June 13, 2012 at 01:09 PM · I noticed that nobody mentioned the graphite pencil,
is the best lubricant for parts of the violin that has friction, as a peg, top nut and bridge.
good luck !
June 13, 2012 at 03:22 PM · If, as you say, you have a reamer, I would suggest you seriously consider purchasing and installing Pegheds (or Knilling Planetary Pegs) and your question will vanish. You could lose the fine tuners, even the E tuner, with the geared pegs.
June 13, 2012 at 05:24 PM · @Lyndon, I think it's always a question whether to take one's violin to a repairman. There are a few things that fall into the category of non-invasive violin maintenance that we do ourselves as players, and doping one's pegs seems to fall into that category for many players, as does changing your E string when it breaks. Reaming your pegbox, that's a different story; that's invasive.
I'm curious to learn David's rationale for the prohibition on fine abrasives. Is the concern that the peg socket wear away slowly?
June 13, 2012 at 06:54 PM · Both socket and peg wear. Pegs might be considered disposable, but when they wear, shoulders form, so the wear in the socket is no longer a uniform taper, and the holes require reaming to bring them back to the correct shape. So in addition to the abrasive wear on the socket, you have more reaming required to reshape the socket.
It’s not a big deal, just one of many little things which can help keep things working better longer, lower repair costs, and keep things closer to original. On a cheap fiddle, don’t worry about it.
June 13, 2012 at 08:16 PM · @David, thank you kindly for that advice. At the next string purchase I'll see what is available at Brobst violins.
June 14, 2012 at 05:08 PM · David, I had not considered the possibility of shoulders forming on the peg, that seems pretty extreme but you've got the experience to know whether this is happening to your repair customers. My personal feeling is that if you need to dope your pegs more than a few times a year then something is wrong. It might be more of an issue for people who travel with their violins or who perform a lot.
June 21, 2012 at 05:52 PM · I tune every day, and I always start by tuning the string flat by turning the peg toward me. Then tune up to the proper pitch. While I tune flat, I am lightly pulling the peg out of the peg box slightly so I can gauge how sticky it it is, then when I tune up, I lightly push in, but only just enough that I know the peg won't slip. But everyday, I get to feel how the pegs are sticking in the peg box, so when the weather changes I notice pegs that are looser or tighter than I left them.
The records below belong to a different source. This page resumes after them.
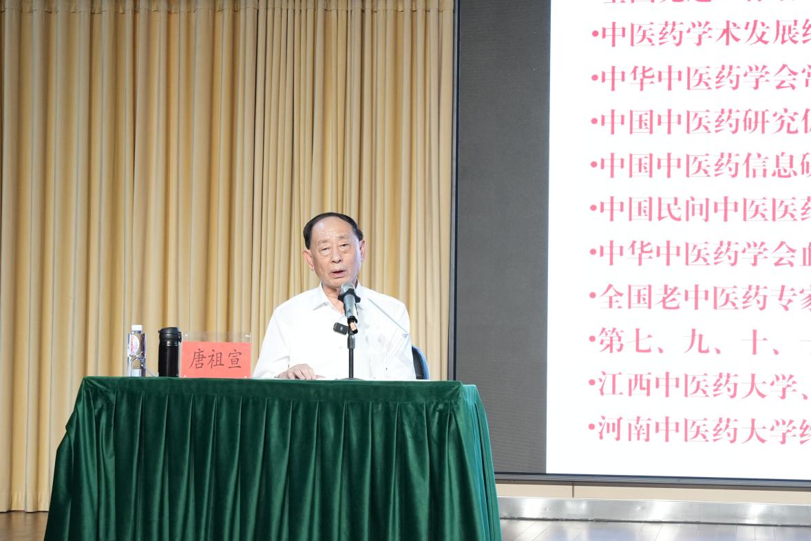 講座現(xiàn)場,唐祖宣向?qū)W校師生分享了自己出身基層、拜師求學(xué)、從醫(yī)的經(jīng)歷,暢談自己的名醫(yī)之路、學(xué)醫(yī)感悟,用自身的豐富的國醫(yī)之路歷程指引青年學(xué)子在行醫(yī)之路上應(yīng)修醫(yī)德、行仁術(shù)、鑄醫(yī)魂,用自身的臨床實踐詳細論述了溫陽法在臨床治療中的應(yīng)用。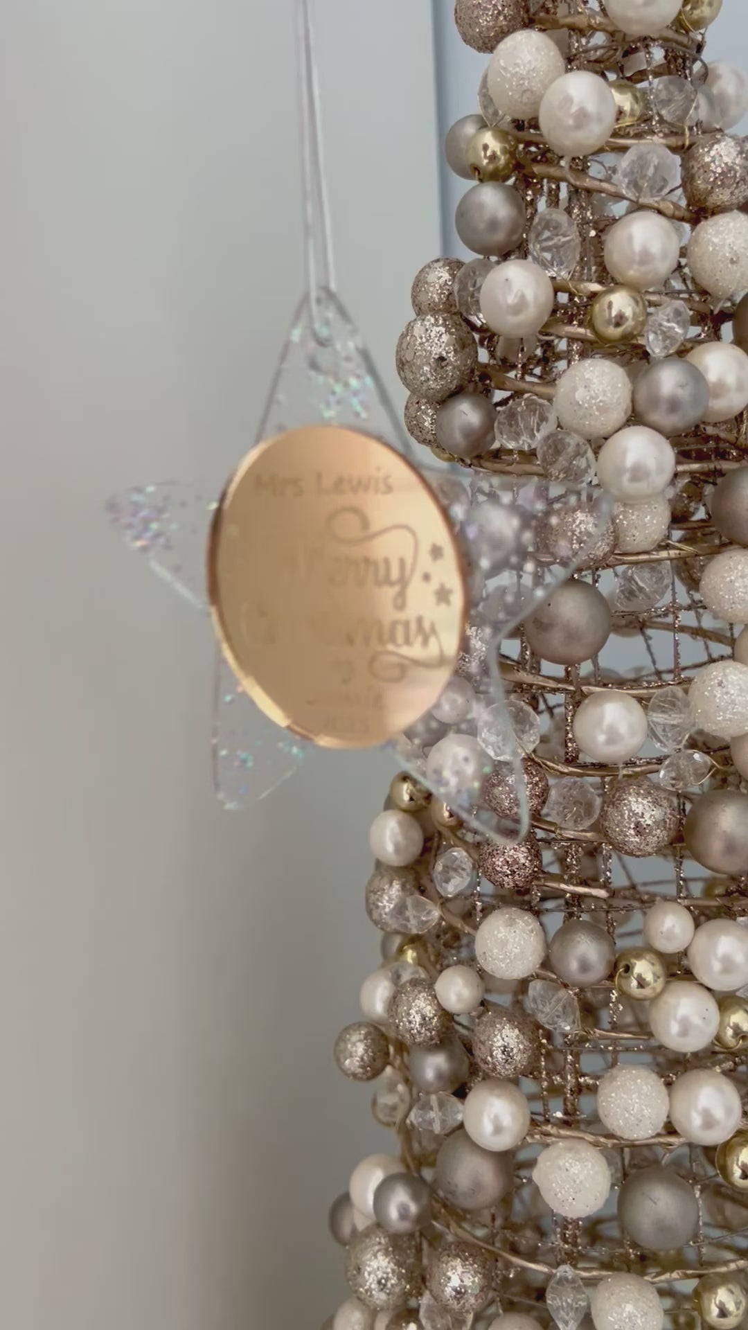 Our Christmas baubles are made from laser cut acrylic.  The bottom layer is a gorgeous clear iridescent glitter and the top layer is gold mirror.  A stunning mix of shimmer and shine - the perfect formula for Christmas.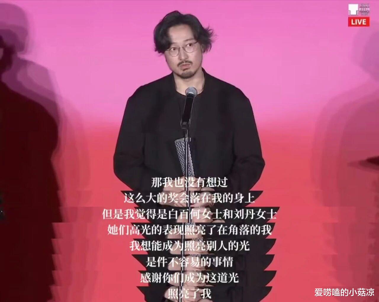 对此,关谷神奇在领奖时称自己恐惧成为焦点,感谢白百何女士与刘丹女士,是她们的高光表现照亮了自己,这段发言也被审判为茶艺大师。

I don't see the need for dope or soap or chalk with this method, wood naturally lubricates, doesn't it? But I defer to the repair guys to correct me if they see this as a bad practice.
June 21, 2012 at 06:14 PM · Is it true that rosewood pegs are naturally oily and hence cause less problems than ebony or boxwood ? This natural oil supposedly acts as a lubricant and makes for smoother turning of the pegs.
June 21, 2012 at 08:33 PM · I wouldn;t call it oily. There is a resin in the wood that some people think makes them superior for tuning purposes. Bad mouthing someones favorite wood is like booing someones favorite team. You will raise some hackels most certainly. As a wood turner and former guitar maker I've worked a lot of rosewood. Not only do the samples of rosewood vary immensely but it's much softer as a peg wood than many think, which just might nullify the resin thing.
June 22, 2012 at 08:06 PM · Knilling Perfection Pegs, you will never turn back
June 24, 2012 at 11:27 PM · the densest rosewood is supposed to match ebony, i cant speak for the lightest rosewood but its still a whole heck of a lot denser than boxwood. isnt it?? [Flag?]
If you are talking about African Blackwood which is a dalbergia, yes it is as hard as ebony. All of the other woods that are commonly called rosewood that are used for pegs are not that hard and in my estimation and aren't as dense as real buxux buxus boxwood.
April 16, 2013 at 12:06 AM · Thank You, this has helped a lot!
April 16, 2013 at 05:11 AM · Fit Wittner geared pegs. They have an 8.5:1 gear ratio and never slip.